The U.S. Senate Banking Committee recently unveiled a new draft of the CLARITY Act, which could have significant implications for Bitcoin and crypto developers. The proposed amendment to 18 U.S. Code § 1960(a) suggests that only developers or providers who “knowingly exercise control over currency, funds, or other value that substitutes for currency” should be considered money transmitting businesses.
One of the key provisions in the draft is the inclusion of retroactive protection for developers. This means that developers like Roman Storm, the Tornado Cash developer who was recently found guilty of operating an unlicensed money transmitting business, could potentially benefit from the new legislation. If the bill is enacted with this language, Storm’s legal team may have a stronger case for appeal.

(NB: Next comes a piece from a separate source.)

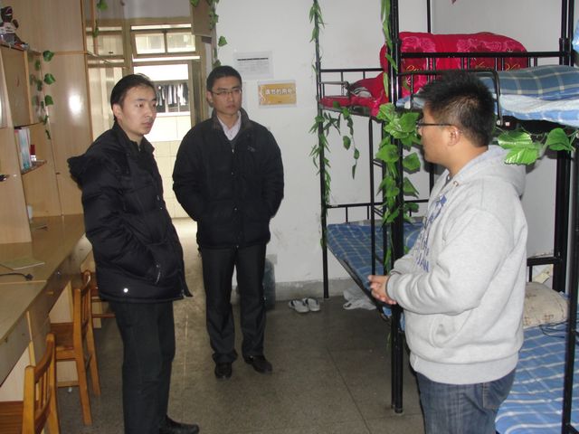 12 月27日上午,院党委副书记吴荷平亲自率队巡考,实地了解考试情况。巡考期间,仔细地对考场秩序、考风考纪等各方面进行了认真的检查,并向监考老师询问学生的学习状况。与此同时,各年级辅导员对所带年级宿舍进行检查,对宿舍的安全、卫生等事宜进行了相应安排。研究生党员发挥党员先锋作用,对本科生期末考试课程进行考前辅导。

The draft also offers protection for developers of noncustodial crypto technology. Under the proposed language, developers of non-controlling crypto technology would not be classified as money transmitting businesses. This definition applies to developers who work on distributed ledger services that do not have the unilateral ability to control transactions involving digital assets without the consent of a third party.
As Congress reconvenes and the Senate Banking Committee continues to prioritize the CLARITY Act, it is clear that the bill has garnered significant input from stakeholders in the crypto industry. The committee aims to create a final product that will protect investors, promote innovation, and ensure that digital finance remains rooted in America.
While no hearings on the bill are currently scheduled, the ongoing discussions surrounding the CLARITY Act highlight the importance of regulatory clarity in the rapidly evolving crypto landscape. With the potential for retroactive protections and exemptions for noncustodial developers, the proposed legislation could have far-reaching implications for the industry as a whole.